X
7 июня 2020 г. в 19:57
Она режет сантиметровыми кубиками без линейки, потому что образцово-показательная. Он пьет гранулированный кофе без сахара, потому что безумно не выспавшийся.
В сумме — вновь какие-то нездоровые.
Хината режет томно вдоль и хлестко поперек: томатный сок брызжет на пальцы, красит фартук и впитывается в сетчатку шарингановым красным — он ей идет. Саске стоит спиной к окну, лицом к ней, словно оценивая экспозицию.
Наверное, ему должно быть стыдно, но Саске не помнит сюжетных витков той ночи. Все сжалось в бездетальную плоскость с опорными креплениями "Итачи — исступленность — Хината". Все недостающее засвечено: он свои действия в пьяной дымке не конспектировал, и потому мало что помнит.
Поцелуй, однако, и последовавшая за ним реакция отпечатались на изнанке век почти покадрово.
День на отсыпание, два на укрощение гордости, итого — три из пяти возможных. Почему пяти? Потому что врываться в март с февральской недосказанностью Саске противилось.
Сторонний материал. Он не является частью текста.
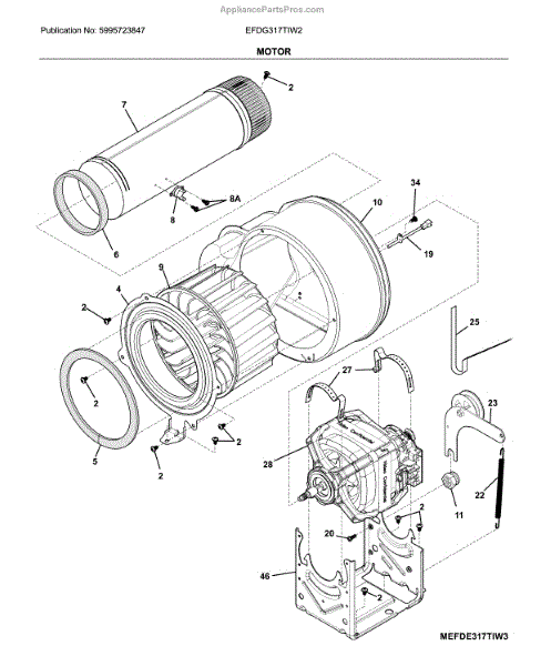 The Dryer Motor is an OEM part for Frigidaire dryers. It is responsible for turning the drum and the blower wheel to circulate air through the dryer, enabling efficient drying of clothes.

И точку поставить он решает заочно, в порядке интенсива.
Стадия первая, предисловная, потому что за эти три дня заговорят они впервые:
— Отвратный кофе.
— Сахар — ты не положил ни ложки.
Саске морщится и проглатывает, пуская кофеин по внутренним траншеям. Транслирует мысли азбукой морзе, постукивая по кухонному фасаду: трижды тире, дважды точка — слышит? Хината вспарывает яблочную кожицу — слышит, но не понимает. Она его, черт возьми, вообще не понимает.
Да и если поймет, сможет ли вытерпеть, что важнее? Он же вспышка сверхновой, которая не греет, а испепеляет.
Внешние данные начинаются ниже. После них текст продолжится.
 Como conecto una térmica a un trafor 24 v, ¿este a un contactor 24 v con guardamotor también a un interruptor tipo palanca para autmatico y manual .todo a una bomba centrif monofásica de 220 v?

Стадия вторая, прощупывающая.
— В ванной кран подтекает, — он бросает фразу, измеряя глубину конфликта. Слова падают камнями вниз: дно — его практически не видно.
— Значит, в ту ночь пострадала не только я? — Саске ее слова ошпаривают до волдырей на подкорке. Он вздрагивает и бьется зубами о кружку.
Саске выбивает до открытых переломов и фиксирует в позициях анатомически неправильных — Хината боится, что срастется она так же криво, как и он.
Морковные слайсы предельно тонкие, буквально на просвет: ее пальцы скользят вниз по рукояти и упираются в бритвенное основание ножа. Хьюга не прочь отрезать лишнее и в своей жизни тоже.
Стадия третья, провоцирующая.
— Мазь, что ты дала... — Хината замирает ножом в воздухе, препарируя слова Саске побуквенно.
— Помогла? — спрашивает, вонзая лезвие острым перпендикуляром.
— Не использовал, — Саске ставит баночку чуть выше разделочной доски, проехав стеклом по столешнице. — Возвращаю.
Хината кивает, скользнув взглядом по засечке на его нижней губе: примирительный жест проигнорировал, мазь вернул обратно. Как интерпретировать, понятно не совсем.
Стадия четвертая, игнорирующая.
— Если есть, что сказать, берусь выслушать без посягательств со своей стороны, — рафинадные кубики отмирают на дне; Саске погружает ложку, растворяя осадочное как в кружке, так и в голове.
— Нет, Саске, сказать мне нечего, — Учиха делает глоток, понимая, что касательно кофе — уже усваиваемо, касательно же Хинаты — все так же неудобоваримо.
Стадия пятая, которая принятие, но по факту — обоюдно проигрышный компромисс.
— В таком случае, давай забудем. Плодить проблемы — последнее, чего бы мне хотелось, — у Саске личные переживания в голове уже не умещаются, хоть ногой утрамбовывай и в алфавитном порядке расставляй.
— Уже, Саске-сан, — интонационная точка, что запечатывает произошедшее, фасует по частям и сжигает на полигоне.
Учиха злится, хотя казалось бы. Дай ей волю, она и его имя забудет. Сроки посева хризантем запомнит, а его из памяти сотрет за ненадобностью. Поцеловал впервые? Для него — странное послевкусие на недели вперед, для нее — плоская обыденность не ярче утреннего чая на веранде.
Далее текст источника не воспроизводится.